O texto foi escrito por mim, a partir de matérias publicadas em A Gazeta da Zona Norte, com o intuito de homenagear a trajetória repleta de conquistas do jornalista Ary Silva.

Quem foi Ary Silva?

Em 21 de junho de 1917 nasce Ary Silva, um jornalista responsável por grandes feitos para a crônica e para o esporte brasileiros. Antes de ficar conhecido pelas tradicionais Crônicas à Torcida Amiga, Ary teve uma trajetória repleta de pioneirismos.

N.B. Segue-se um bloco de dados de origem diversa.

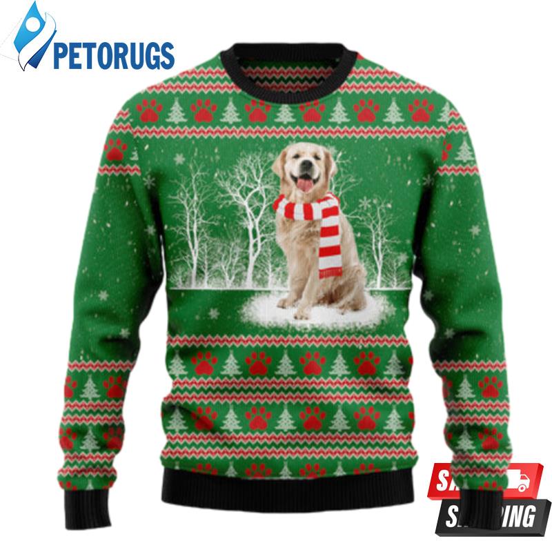 Golden Retriever Winter Tree Ugly Christmas Sweaters

Em 1936, na Faculdade de Direito do Largo São Francisco, toma conhecimento de que a Philips recruta vendedores de rádio. Tenta, mas não obtém êxito na empreitada. No entanto, por sugestão do gerente de vendas, Nelson de Lorenzi, atleta do salto de vara, busca a sorte como repórter esportivo. Diante do Prof. Roberto Haddock Lobo, então chefe de esportes do Diário de São Paulo, antigo órgão dos Diários Associados de Assis Chateaubriand, consegue a primeira oportunidade. Com apenas 19 anos, é efetivado como repórter esportivo, em 1º de outubro de 1936, com um salário de 200 mil réis, um bom montante, equivalente a mais de 70.000 reais nos dias de hoje.

Dá novos saltos na crônica esportiva com conquistas importantes. Ainda em 36, participa da cobertura dos jogos olímpicos de Berlim e dos primeiros jogos abertos do interior. Em 37, entra na luta como fundador do Sindicato dos Jornalistas; Em 38, cobre a concentração da seleção brasileira de futebol para a copa do mundo da França. Em 39, a convite de Otávio Gabus Mendes, forma o Departamento de Esportes da Rádio Bandeirantes. É quando dá o pontapé inicial para a trajetória das coberturas da emissora com o Bola ao Ar.

Na mesma época, inova ao criar o primeiro programa esportivo feminino do rádio brasileiro: Eva no Esporte. Ary escreve crônicas como se fosse uma mulher falando de esportes e conta com a leitura e interpretação das radioatrizes da emissora. Uma delas: Maria Estela Barros.

Em 1941, funda a ACEESP – Associação dos Cronistas Esportivos do Estado de São Paulo. Fica na Bandeirantes até 1947. Em 51, torna-se o primeiro comentarista da TV Brasileira, ao lado de Aurélio Campos, na Tupi. Em 58, a convite de Paulo Machado de Carvalho, integra a comissão que elabora o plano para a conquista da nossa primeira copa do mundo, na Suécia. Tinha orgulho de ter participado da fundação do jornal A Gazeta da Zona Norte, em 63, onde manteve uma coluna com o slogan dos tempos da Rádio Bandeirantes: “Torcida Amiga, bom dia”, até abril de 2001, quando morre em São Paulo.